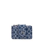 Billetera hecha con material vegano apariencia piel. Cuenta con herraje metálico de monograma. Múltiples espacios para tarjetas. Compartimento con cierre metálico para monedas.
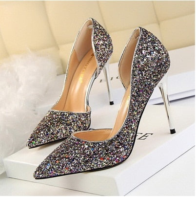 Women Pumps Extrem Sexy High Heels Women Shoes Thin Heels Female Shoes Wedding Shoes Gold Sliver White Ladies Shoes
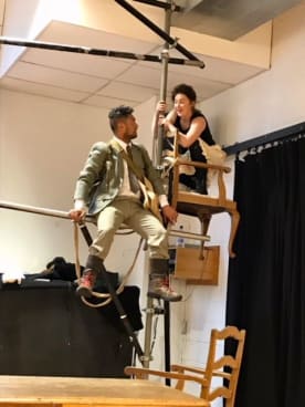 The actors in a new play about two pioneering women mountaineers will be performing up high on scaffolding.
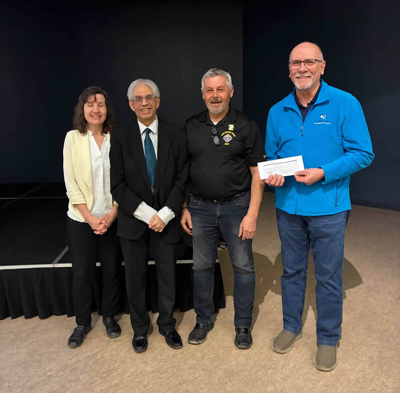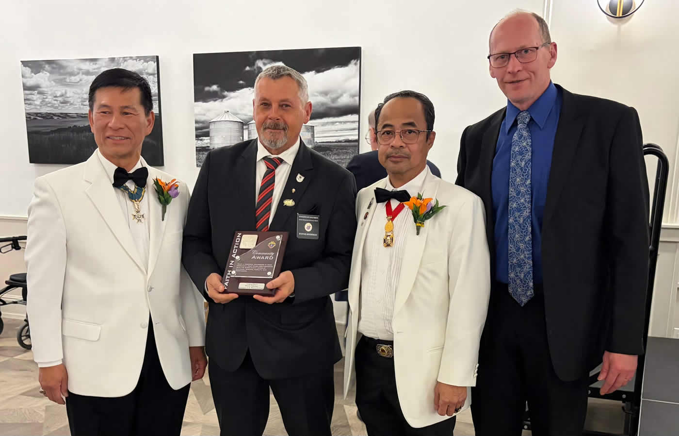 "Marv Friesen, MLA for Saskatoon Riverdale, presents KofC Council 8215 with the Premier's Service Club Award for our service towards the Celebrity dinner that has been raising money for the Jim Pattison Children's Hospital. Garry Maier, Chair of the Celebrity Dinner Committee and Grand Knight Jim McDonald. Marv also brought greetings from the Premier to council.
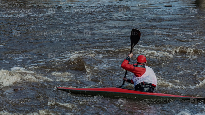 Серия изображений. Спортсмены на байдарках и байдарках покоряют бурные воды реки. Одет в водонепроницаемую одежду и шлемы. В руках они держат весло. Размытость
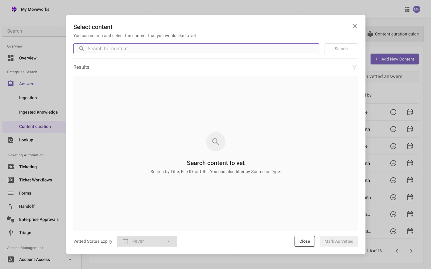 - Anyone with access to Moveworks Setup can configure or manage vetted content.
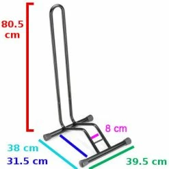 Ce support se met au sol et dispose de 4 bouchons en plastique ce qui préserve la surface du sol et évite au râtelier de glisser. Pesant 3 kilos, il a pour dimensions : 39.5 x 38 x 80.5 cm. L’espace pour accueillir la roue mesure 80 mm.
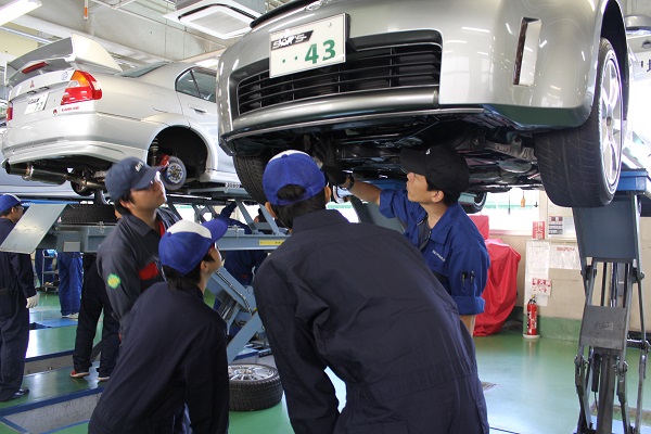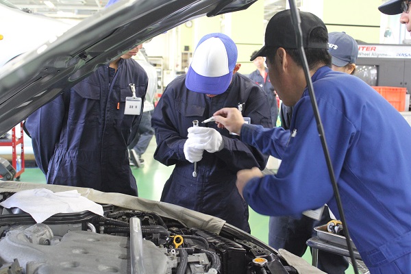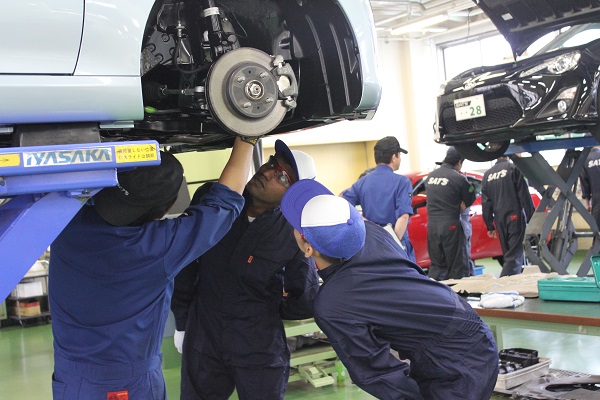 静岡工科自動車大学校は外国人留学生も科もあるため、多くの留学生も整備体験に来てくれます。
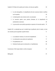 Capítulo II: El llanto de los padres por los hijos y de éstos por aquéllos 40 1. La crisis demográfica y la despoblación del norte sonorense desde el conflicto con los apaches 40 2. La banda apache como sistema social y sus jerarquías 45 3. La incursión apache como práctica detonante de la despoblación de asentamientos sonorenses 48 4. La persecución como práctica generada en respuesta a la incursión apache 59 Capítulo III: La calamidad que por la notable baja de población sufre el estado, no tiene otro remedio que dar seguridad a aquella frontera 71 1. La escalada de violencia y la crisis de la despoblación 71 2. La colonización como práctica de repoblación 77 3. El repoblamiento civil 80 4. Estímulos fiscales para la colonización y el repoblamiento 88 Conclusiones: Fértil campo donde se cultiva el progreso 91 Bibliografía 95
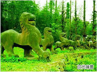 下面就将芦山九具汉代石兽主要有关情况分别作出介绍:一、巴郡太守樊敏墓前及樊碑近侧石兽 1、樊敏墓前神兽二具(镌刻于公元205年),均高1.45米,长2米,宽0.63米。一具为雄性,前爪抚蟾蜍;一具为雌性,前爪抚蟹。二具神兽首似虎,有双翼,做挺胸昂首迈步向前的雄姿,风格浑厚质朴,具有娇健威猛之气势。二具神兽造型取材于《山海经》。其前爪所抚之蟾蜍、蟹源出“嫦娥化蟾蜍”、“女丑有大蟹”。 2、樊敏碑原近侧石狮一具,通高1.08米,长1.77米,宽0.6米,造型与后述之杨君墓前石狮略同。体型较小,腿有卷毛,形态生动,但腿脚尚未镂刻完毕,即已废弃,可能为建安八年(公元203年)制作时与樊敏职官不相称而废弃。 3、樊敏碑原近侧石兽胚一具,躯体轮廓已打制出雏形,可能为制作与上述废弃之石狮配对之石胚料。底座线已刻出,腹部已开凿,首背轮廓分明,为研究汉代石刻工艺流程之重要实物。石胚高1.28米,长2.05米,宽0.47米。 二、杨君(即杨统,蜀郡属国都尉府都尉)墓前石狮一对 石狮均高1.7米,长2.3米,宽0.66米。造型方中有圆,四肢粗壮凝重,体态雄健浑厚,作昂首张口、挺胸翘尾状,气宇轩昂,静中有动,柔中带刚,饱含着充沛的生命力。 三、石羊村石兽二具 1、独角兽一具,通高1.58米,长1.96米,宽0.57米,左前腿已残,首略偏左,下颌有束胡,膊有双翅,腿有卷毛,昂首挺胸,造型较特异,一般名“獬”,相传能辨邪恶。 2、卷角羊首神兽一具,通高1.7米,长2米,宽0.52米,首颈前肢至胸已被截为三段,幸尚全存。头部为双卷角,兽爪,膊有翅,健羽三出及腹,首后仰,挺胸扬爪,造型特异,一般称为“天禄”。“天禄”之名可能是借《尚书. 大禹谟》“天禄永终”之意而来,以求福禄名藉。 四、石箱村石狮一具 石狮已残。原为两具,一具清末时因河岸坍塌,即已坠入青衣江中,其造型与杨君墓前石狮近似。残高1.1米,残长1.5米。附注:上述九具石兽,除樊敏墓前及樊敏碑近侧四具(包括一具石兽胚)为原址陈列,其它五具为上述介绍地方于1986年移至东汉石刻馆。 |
---+---
• _What to work on_
An exact copy of the entries, minus the pictures, is what's needed here.

• _Answer to the exercise_
 Billetera hecha con material vegano apariencia piel. Cuenta con herraje metálico de monograma. Múltiples espacios para tarjetas. Compartimento con cierre metálico para monedas.
 Women Pumps Extrem Sexy High Heels Women Shoes Thin Heels Female Shoes Wedding Shoes Gold Sliver White Ladies Shoes
 The actors in a new play about two pioneering women mountaineers will be performing up high on scaffolding.
 "Marv Friesen, MLA for Saskatoon Riverdale, presents KofC Council 8215 with the Premier's Service Club Award for our service towards the Celebrity dinner that has been raising money for the Jim Pattison Children's Hospital. Garry Maier, Chair of the Celebrity Dinner Committee and Grand Knight Jim McDonald. Marv also brought greetings from the Premier to council.
 Серия изображений. Спортсмены на байдарках и байдарках покоряют бурные воды реки. Одет в водонепроницаемую одежду и шлемы. В руках они держат весло. Размытость
 - Anyone with access to Moveworks Setup can configure or manage vetted content.
 Ce support se met au sol et dispose de 4 bouchons en plastique ce qui préserve la surface du sol et évite au râtelier de glisser. Pesant 3 kilos, il a pour dimensions : 39.5 x 38 x 80.5 cm. L’espace pour accueillir la roue mesure 80 mm.
 静岡工科自動車大学校は外国人留学生も科もあるため、多くの留学生も整備体験に来てくれます。
 Capítulo II: El llanto de los padres por los hijos y de éstos por aquéllos 40 1. La crisis demográfica y la despoblación del norte sonorense desde el conflicto con los apaches 40 2. La banda apache como sistema social y sus jerarquías 45 3. La incursión apache como práctica detonante de la despoblación de asentamientos sonorenses 48 4. La persecución como práctica generada en respuesta a la incursión apache 59 Capítulo III: La calamidad que por la notable baja de población sufre el estado, no tiene otro remedio que dar seguridad a aquella frontera 71 1. La escalada de violencia y la crisis de la despoblación 71 2. La colonización como práctica de repoblación 77 3. El repoblamiento civil 80 4. Estímulos fiscales para la colonización y el repoblamiento 88 Conclusiones: Fértil campo donde se cultiva el progreso 91 Bibliografía 95
 下面就将芦山九具汉代石兽主要有关情况分别作出介绍:一、巴郡太守樊敏墓前及樊碑近侧石兽 1、樊敏墓前神兽二具(镌刻于公元205年),均高1.45米,长2米,宽0.63米。一具为雄性,前爪抚蟾蜍;一具为雌性,前爪抚蟹。二具神兽首似虎,有双翼,做挺胸昂首迈步向前的雄姿,风格浑厚质朴,具有娇健威猛之气势。二具神兽造型取材于《山海经》。其前爪所抚之蟾蜍、蟹源出“嫦娥化蟾蜍”、“女丑有大蟹”。 2、樊敏碑原近侧石狮一具,通高1.08米,长1.77米,宽0.6米,造型与后述之杨君墓前石狮略同。体型较小,腿有卷毛,形态生动,但腿脚尚未镂刻完毕,即已废弃,可能为建安八年(公元203年)制作时与樊敏职官不相称而废弃。 3、樊敏碑原近侧石兽胚一具,躯体轮廓已打制出雏形,可能为制作与上述废弃之石狮配对之石胚料。底座线已刻出,腹部已开凿,首背轮廓分明,为研究汉代石刻工艺流程之重要实物。石胚高1.28米,长2.05米,宽0.47米。 二、杨君(即杨统,蜀郡属国都尉府都尉)墓前石狮一对 石狮均高1.7米,长2.3米,宽0.66米。造型方中有圆,四肢粗壮凝重,体态雄健浑厚,作昂首张口、挺胸翘尾状,气宇轩昂,静中有动,柔中带刚,饱含着充沛的生命力。 三、石羊村石兽二具 1、独角兽一具,通高1.58米,长1.96米,宽0.57米,左前腿已残,首略偏左,下颌有束胡,膊有双翅,腿有卷毛,昂首挺胸,造型较特异,一般名“獬”,相传能辨邪恶。 2、卷角羊首神兽一具,通高1.7米,长2米,宽0.52米,首颈前肢至胸已被截为三段,幸尚全存。头部为双卷角,兽爪,膊有翅,健羽三出及腹,首后仰,挺胸扬爪,造型特异,一般称为“天禄”。“天禄”之名可能是借《尚书. 大禹谟》“天禄永终”之意而来,以求福禄名藉。 四、石箱村石狮一具 石狮已残。原为两具,一具清末时因河岸坍塌,即已坠入青衣江中,其造型与杨君墓前石狮近似。残高1.1米,残长1.5米。附注:上述九具石兽,除樊敏墓前及樊敏碑近侧四具(包括一具石兽胚)为原址陈列,其它五具为上述介绍地方于1986年移至东汉石刻馆。 |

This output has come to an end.